They decided to use profit and loss account for FFP  calculations

Who is "they"?

In this case it's The Premier League, right? The Premier League doesn't have "FFP" it has "PSR". Within the PSR section of their handbook it does not identify either way how they adjudge compliance. It appears, as I say, that a level of flexibility is in place. They talk about "inclusion of net cash flow in respect of transfers of Players’ registrations;" and "The accounts referred to in Rule E.3 shall: E.4.1. include separate disclosure within the balance sheet or notes to the accounts, or by way of supplementary information separately reported on by its auditors by way of procedures specified by the Board, of the total sums payable and receivable in respect of Compensation Fees, Contingent Sums and Loan Fees; and E.4.2. include a breakdown within the profit and loss account or the notes to the accounts, or by way of supplementary information separately reported on by its auditors by way of procedures specified by the Board, of revenue in appropriate categories such as gate receipts, sponsorship and advertising, broadcasting rights, commercial income and other income"

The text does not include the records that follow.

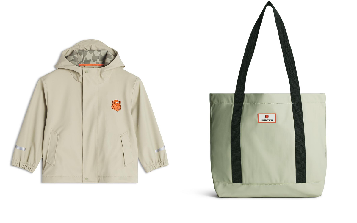 膠囊系列中的雨具服飾則包括一件米色雨衣與一件月桂綠斗篷,細節採用品牌壓紋暗扣與專屬斜紋印花內裡。岩沙米色短T上那隻戴著 Hunter 標誌棒球帽的小狐狸圖像,象徵著兩大品牌難得的創意與文化交流。兒童系列以全版狐狸印花呈現,包含一款連帽雨衣與白色與藍色 T 恤。本次 Maison Kitsuné x Hunter 聯名膠囊系列亦推出大型月桂綠托特包與一把內襯斜紋印花的亮橘色雨傘,完整呈現一系列雨天實用並兼具時髦的聯名單品。
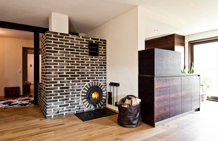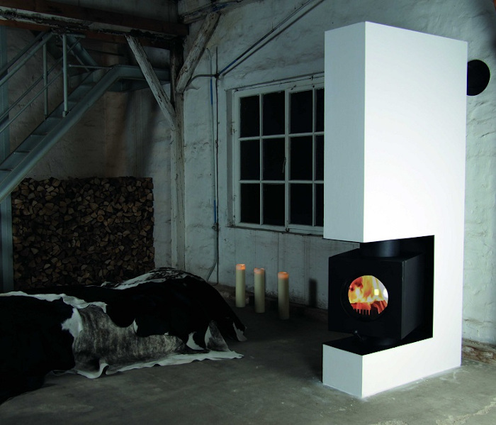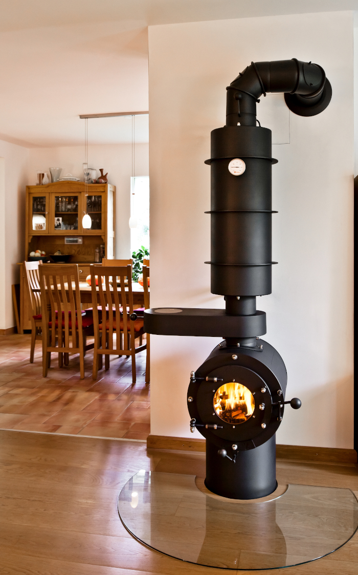 unten: drehbarer Grundofen, Wassertasche in Skulptur-Element integriert
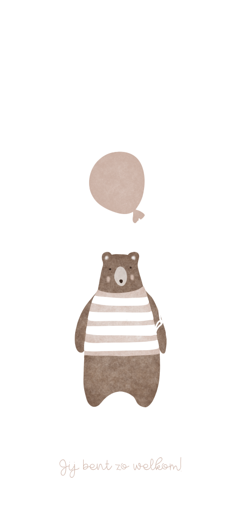 Een langwerpig staand geboortekaartje voor een meisje met een illustratie van een beer met ballon in roze tinten.
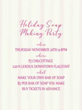 This event is for all ages and cost $5 per bar of soap you want to make. We have shapes and designs of all kinds with ingredients that are 100% vegan - the same formula as our famous handmade Primal Elements soap. Buy your tickets in advance on our website www.pjchilcottage.com. Be sure to select your desired hour-long time slot between 4:00pm-8:00pm. Limited quantity available per time slot!
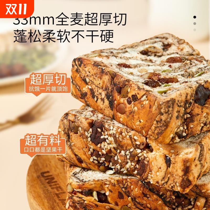 全麦坚果厚切吐司面包千层果仁切片早餐美味健康粗粮充饥
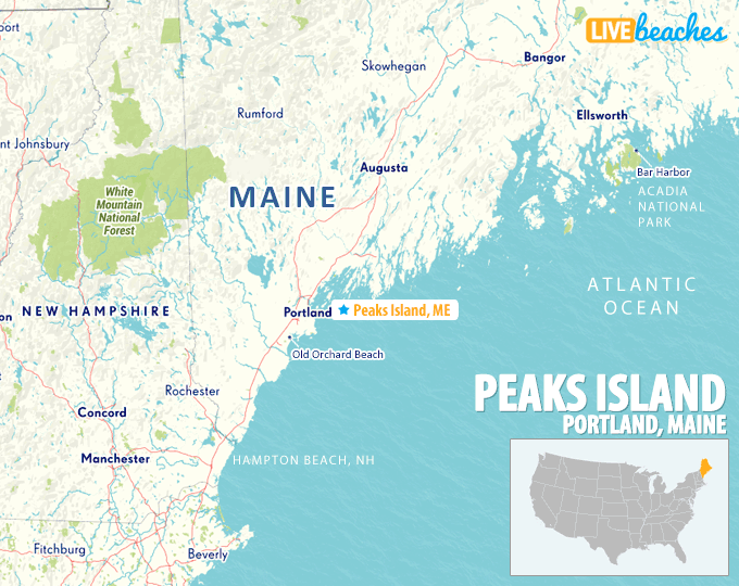 This area map of Peaks Island in Portland, Maine includes nearby beaches and points of interest.

For the PSR 3 year calc it references: 
 

Quote

 

Earnings Before Tax after:

(a) write back of: (i) amortisation and/or impairment of Players’ registrations; and (ii) profit or loss on the transfer of Players’ registrations; and

(b) inclusion of net cash flow in respect of transfers of Players’ registrations;

 

Which to me indicates a large degree of wriggle room around transfer fees.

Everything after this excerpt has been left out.